§ **WHAT YOU WILL DO**
The whole listing is to be written out again exactly; the pictures are not.

§ **PROVIDED MATERIAL**

━━━━━━

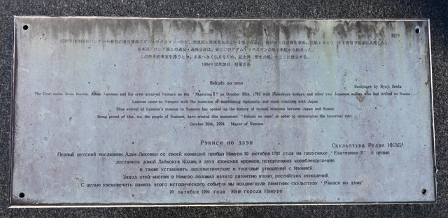 歴 史 の 然 池田良二 制作1792年10月20日ロシアから最初の遣日使節アダム・ラクスマン一行が、漂流民大黒屋光太夫ほか2名の送還と、我が国との通商を求め、帆船エカテリーナ2世号で根室に入港した。 日本国とロシア国との通交・通商交渉は、実にこのアダム・ラクスマンの根室来航から始まった。 この歴史的事実を誇りとし、未来へ永く伝えるため、記念碑「歴史の然」をここに建立する。 1994年10月20日 根室市長
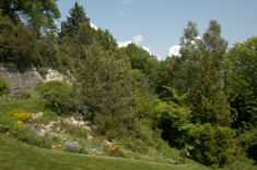 La grande rocaille couverte de végétation est le joyau du jardin.
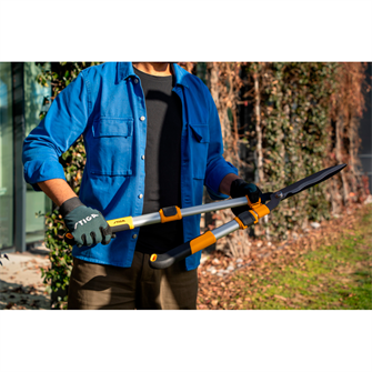 Den lysegule finish gør det nemt at finde saksen i tæt vegetation. Hækkesaksen leveres med et beskyttende cover, som sikrer sikker opbevaring, når den ikke er i brug. STIGAs teleskopiske hækkesaks kombinerer præcision, holdbarhed og ergonomi, hvilket gør den til det ideelle redskab til både private og professionelle haveejere.
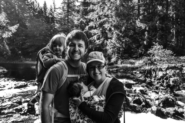 Back to the hike, Abbie’s Mom snapped this excellent family photo (I may have gone a little crazy with the clarity filter in Lightroom, but it’s what I’m digging right now. Look at the contrast you can get in black and white!):
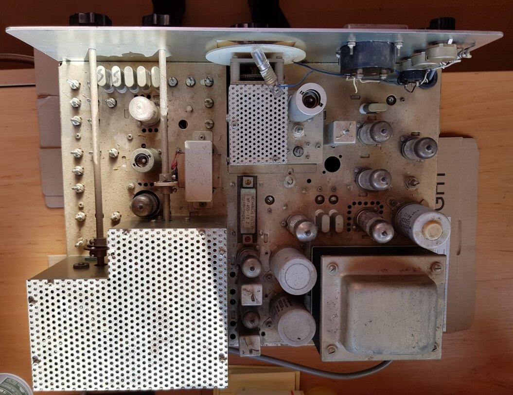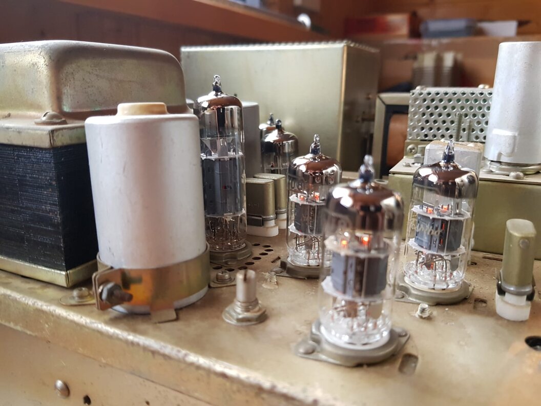 Ich begann mit dem Entfernen der Röhren, diese zu reinigen und wieder einzusetzen. Teilweise waren sie schief positioniert. Auf der Unterseite, bei der so einiges eher fliegend verdrahtet ist stellte ich fest, dass manche Bauteile so nah beieinander waren, dass vermutlich hier Ströme bzw. Spannungen entstehen können die nicht gut für das Gerät sind. Nachdem ich auch alle Bedienknöpfe zur Reinigung entfernt den Mode-Schalter gangbar gemacht und die Unter- sowie die Oberseite gereinigt hatte, begann ich wieder mit dem Zusammenbau um das Gerät ein zweites Mal unter Strom zu setzen.
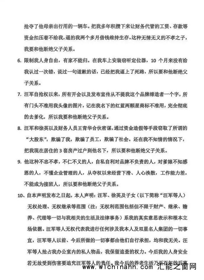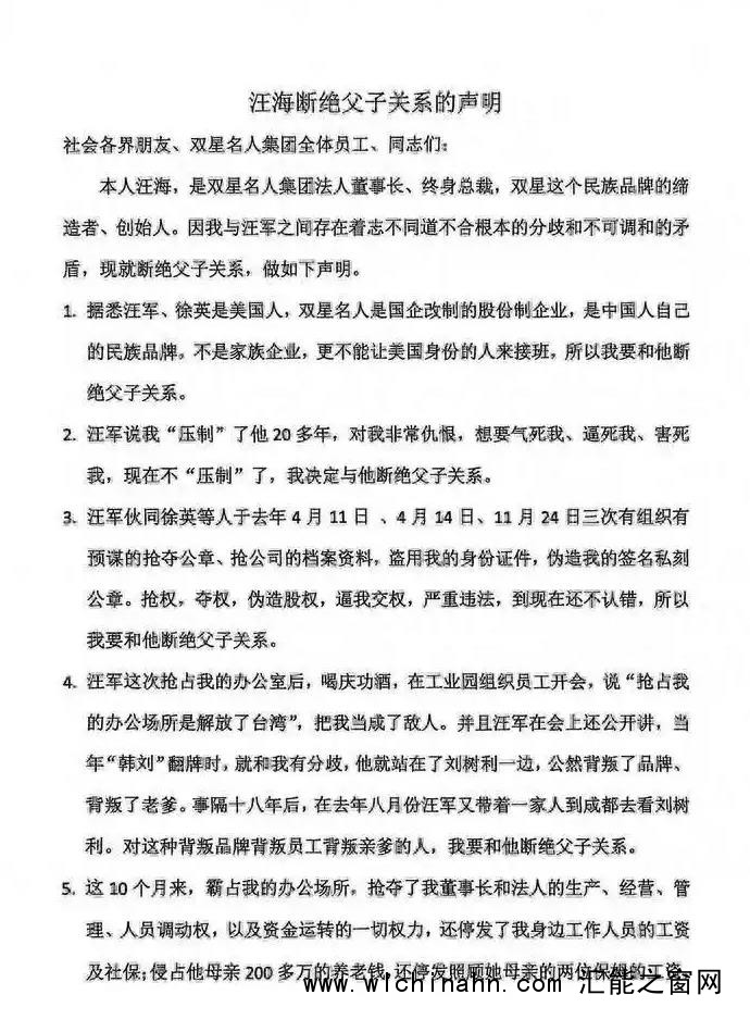 除了国籍问题,汪海还痛斥儿子掌权后搞“去创始人化”。据他描述,汪军在抢占办公室后喝庆功酒,甚至在员工大会上公然宣称“抢占办公场所……”,将父亲视为敌人。
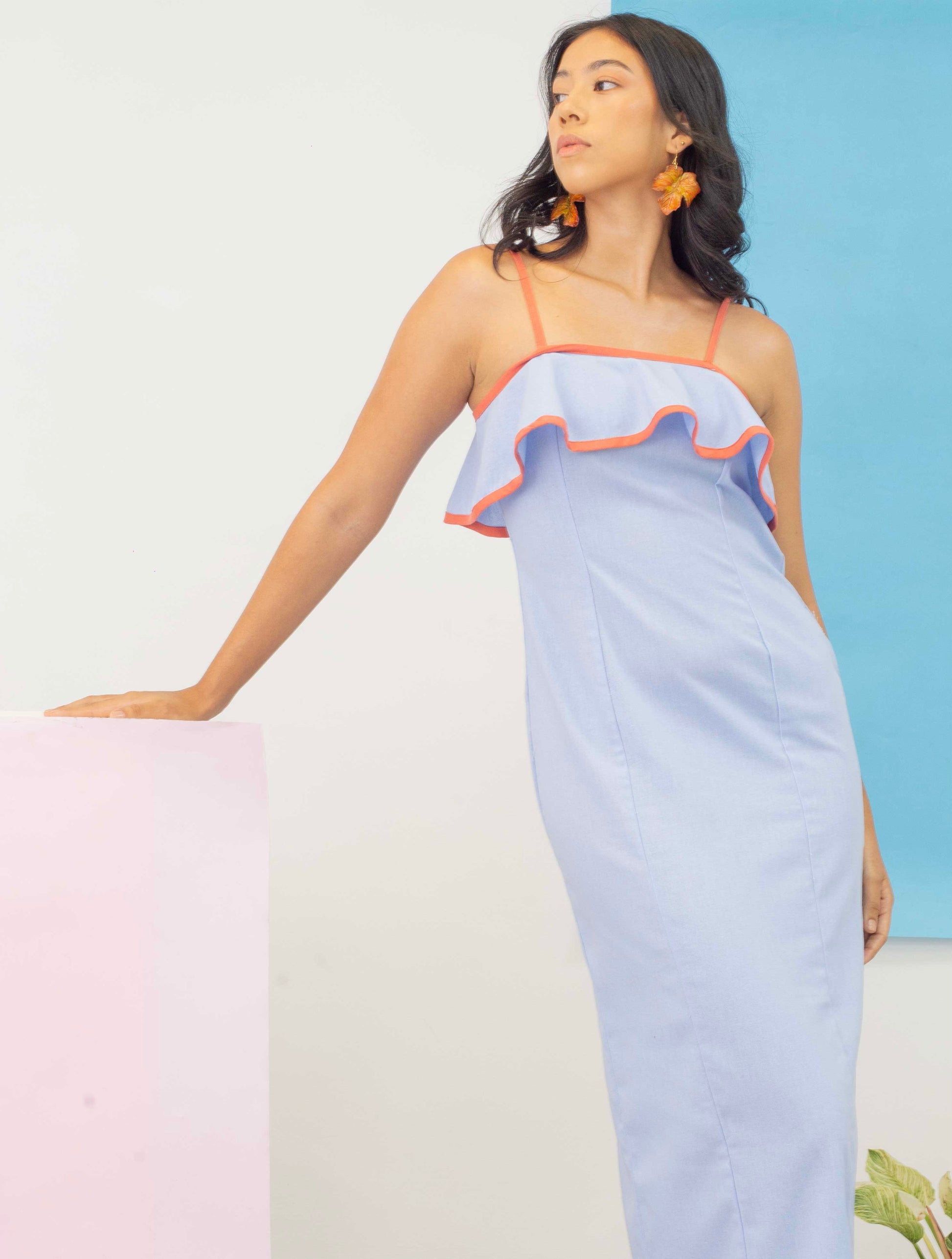 El vestido Amira es una propuesta divertida y femenina confeccionada en lino. Su diseño midi en tono celeste resalta por el detalle de volantes en el escote, delineados con un vivo color ladrillo que le aporta un toque vibrante y único.

━━━━━━

§ **REPLY TO THE TASK**
 歴 史 の 然 池田良二 制作1792年10月20日ロシアから最初の遣日使節アダム・ラクスマン一行が、漂流民大黒屋光太夫ほか2名の送還と、我が国との通商を求め、帆船エカテリーナ2世号で根室に入港した。 日本国とロシア国との通交・通商交渉は、実にこのアダム・ラクスマンの根室来航から始まった。 この歴史的事実を誇りとし、未来へ永く伝えるため、記念碑「歴史の然」をここに建立する。 1994年10月20日 根室市長
 La grande rocaille couverte de végétation est le joyau du jardin.
 Den lysegule finish gør det nemt at finde saksen i tæt vegetation. Hækkesaksen leveres med et beskyttende cover, som sikrer sikker opbevaring, når den ikke er i brug. STIGAs teleskopiske hækkesaks kombinerer præcision, holdbarhed og ergonomi, hvilket gør den til det ideelle redskab til både private og professionelle haveejere.
 Back to the hike, Abbie’s Mom snapped this excellent family photo (I may have gone a little crazy with the clarity filter in Lightroom, but it’s what I’m digging right now. Look at the contrast you can get in black and white!):
 Ich begann mit dem Entfernen der Röhren, diese zu reinigen und wieder einzusetzen. Teilweise waren sie schief positioniert. Auf der Unterseite, bei der so einiges eher fliegend verdrahtet ist stellte ich fest, dass manche Bauteile so nah beieinander waren, dass vermutlich hier Ströme bzw. Spannungen entstehen können die nicht gut für das Gerät sind. Nachdem ich auch alle Bedienknöpfe zur Reinigung entfernt den Mode-Schalter gangbar gemacht und die Unter- sowie die Oberseite gereinigt hatte, begann ich wieder mit dem Zusammenbau um das Gerät ein zweites Mal unter Strom zu setzen.
 除了国籍问题,汪海还痛斥儿子掌权后搞“去创始人化”。据他描述,汪军在抢占办公室后喝庆功酒,甚至在员工大会上公然宣称“抢占办公场所……”,将父亲视为敌人。
 El vestido Amira es una propuesta divertida y femenina confeccionada en lino. Su diseño midi en tono celeste resalta por el detalle de volantes en el escote, delineados con un vivo color ladrillo que le aporta un toque vibrante y único.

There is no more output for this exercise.